Olette's attention was immediately on the redhead again (then she was reminded he was practically naked, so she averted her gaze), and she spat, "What? Annoying the crap out of me? Making me want to kill your precious Dem? Spilling your fu – "
"Yo, yo – that kinda language doesn't suit you."
"Who do you think you are?!" Olette's head shot up (at this angle, him being almost-naked was even more scarring – but alas! She would stand her ground!).
"Axel's the name," the redhead smirked, and the circuitry in his electric green eyes must have exploded, because there were sparks dancing.
Olette rolled away, and staggered up. Fine! She'd take him on, in all his naked-ness or not! "Excuse ME?!" she exclaimed, poking him hard in the (bare) chest. "Look, AXEL! You have no place to tell me – you – you insufferable jerk!" She knew her face was blotchy with red – it was always like that when she was mad, Sora told her – but she hardly cared.
The redhead, however, gave her a smug once over. "You have no idea how hot this is. Random cute brunette stumbles into room, starts screaming my name and grasping at me, soaked in booze – "
"You pig! That you and your idiot friend spilled – "
"It was no spill, honey."
Olette was too freaking pissed off to catch the suggestive wiggle of his eyebrows. "Whaddya mean it wasn't a spill!" At that moment, a meek squeak (probably a 'hello' that died in his throat) announced the other idiot's arrival into the sitting room area. Olette whirled on the blond: "Ohmigod! What is wrong with you! First it's the God-awful rock, then the never-ending guitar solos, and then the partying, and now this?!" Olette grabbed her sweater and pinched it away from her chest.
"Babe, feel free to take it off, if it's getting a little … sticky!" Axel cat-called as he flopped onto the beaten up couch. Olette pointedly ignored him, hence also missing Axel licking his lips with a flirty wink. The guitar-slamming blond, however, – whose name she still had yet to learn – went red, and muttered something about Axel 'being totally high'.
"HUH?" Olette exclaimed, exasperation hitting new peaks. "What the helldo you have to say for yourself?! You – "

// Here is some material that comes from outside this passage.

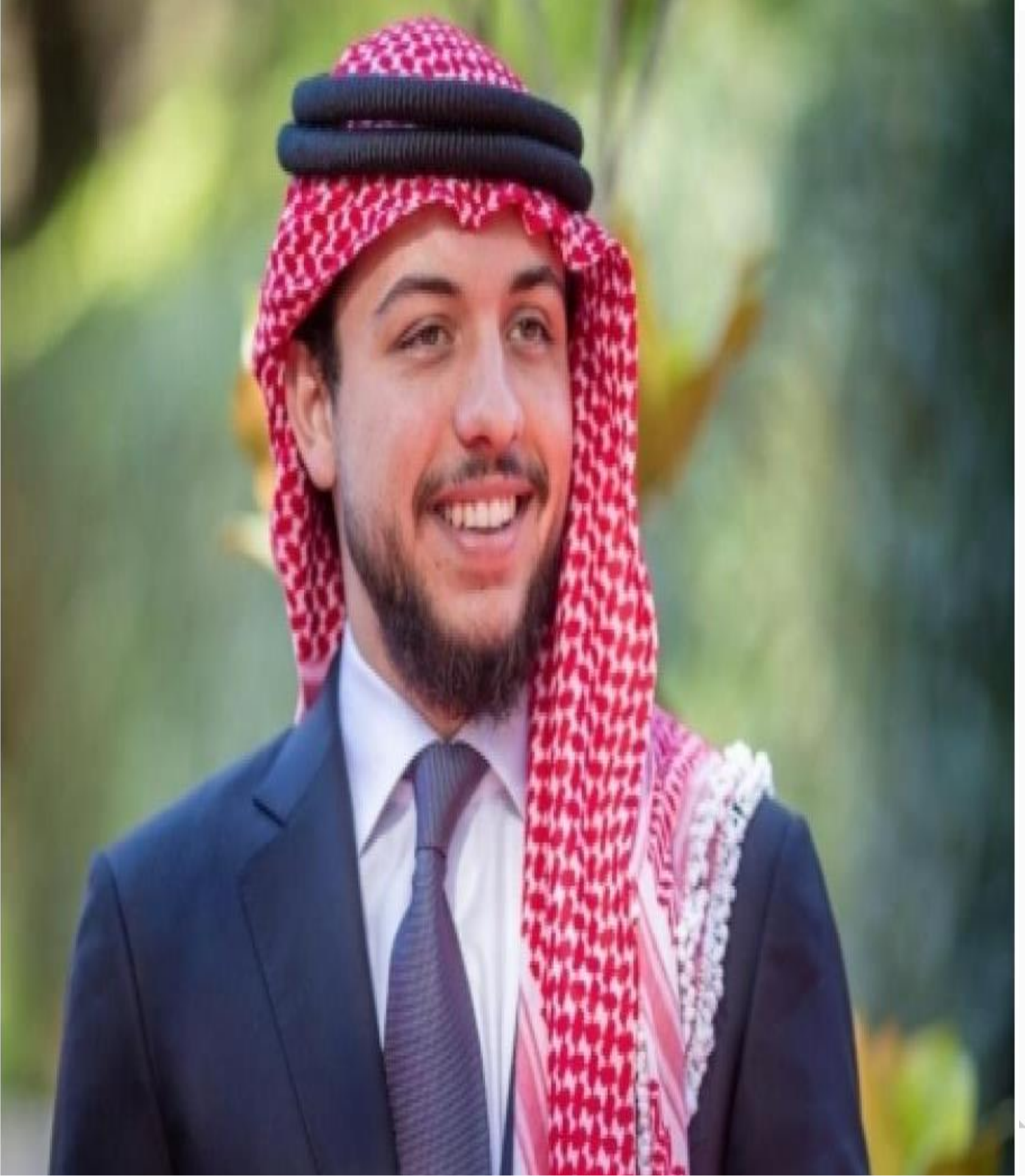
حضرة صاحب السمو الملكي الأمير الحسين بن عبد الله الثاني ولي العهد حفظة الله ورعاه

"What?" Olette snapped, annoyed at the mumbling, rapid gibberish stew spilling out of the blond. This idiot wanted to be a rock star, ha! Couldn't even string together a single line of lyrics, probably!
"I said," Demyx dug his toe into the carpet, eyes to the floor. "Axel said it was the only way you'd talk to me."
"A-wha …?" Olette felt her cheeks getting warm. He did not say what she thought he said, didn't mean it like …
"It was Axel's idea!" Demyx said desperately, glaring at his spaced-out friend. "You kept yelling at me and I thought you were pretty cool and then we met and you were all pretty and nice and I acted like a dick and I felt stupid and I told Axel and he was all, 'Just like talk to her' but you stopped yelling and I didn't wanna yell and you always seem kinda busy and so I told Axel and he was all, 'Dude I got a plan' and Axel brought drinks and and and … and you … got that on your shirt." His face was very, very pink after his babble-fest, and Olette was sure she only mirrored him. Ohmigod, awkward, awkward, awkward …
"So …" Olette began, breathing in deeply. Deep breath. "Uh … "
Olette didn't know what to say. This rocker? He … he actually thought … well, he was kinda cute, now that she thought about it … but … he …
She was floored, to say the least.
Speechless, Olette whipped around and fled from the room, ignoring the "Hey wait!" trailing after her, along with the sounds of Axel cackling drunkenly as she left.
It was after she slammed herself into the elevator when she noticed that, for the first time, no rock music had been playing. None at all. She had heard that Dem-kid clear as a bell, and she wondered – with what was left of her numb mind – if the absence of rock music had been a good thing or not.
A/N: Yeeeaaaahh. Not the best comeback, eh? –sighs– Sorry guys. It's all I got right now.